- [WHAT IS BEING ASKED]
Write the listing out again word for word. Pictures do not belong in the copy.

- [DATA PROVIDED]
= Beginning of Section =

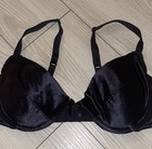 Women’s Vintage Victoria’s Secret Gold Label Second Skin Satin Plunge Push Up Bra, black, padded, underwire, back close Style: 1277 Size: 36B
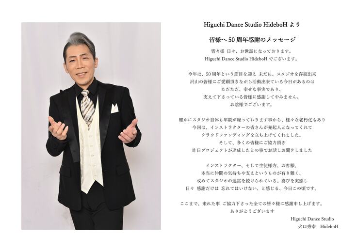 そしてクラウドファンディン達成に伴い、Higuchi Dance Studio HideboHより感謝のメッセージが届きましたのでこちらでお送りさせて頂きます(^^)
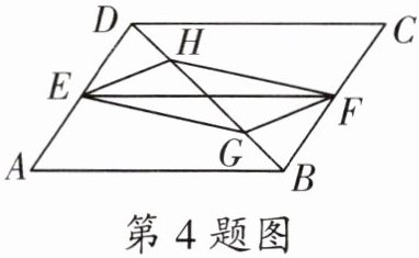 4. 如图,点 $E$,$F$ 分别是 $□ ABCD$ 边 $AD$,$BC$ 的中点,$G$,$H$ 是对角线 $BD$ 上的两点,且 $BG = DH$。则下列结论:① $GF = EH$;②四边形 $EGFH$ 是平行四边形;③ $EG = FH$;④ $EH \perp BD$,其中正确的是______。(填序号)

= End of Section =

- [EXERCISE OUTPUT]
 Women’s Vintage Victoria’s Secret Gold Label Second Skin Satin Plunge Push Up Bra, black, padded, underwire, back close Style: 1277 Size: 36B
 そしてクラウドファンディン達成に伴い、Higuchi Dance Studio HideboHより感謝のメッセージが届きましたのでこちらでお送りさせて頂きます(^^)
 4. 如图,点 $E$,$F$ 分别是 $□ ABCD$ 边 $AD$,$BC$ 的中点,$G$,$H$ 是对角线 $BD$ 上的两点,且 $BG = DH$。则下列结论:① $GF = EH$;②四边形 $EGFH$ 是平行四边形;③ $EG = FH$;④ $EH \perp BD$,其中正确的是______。(填序号)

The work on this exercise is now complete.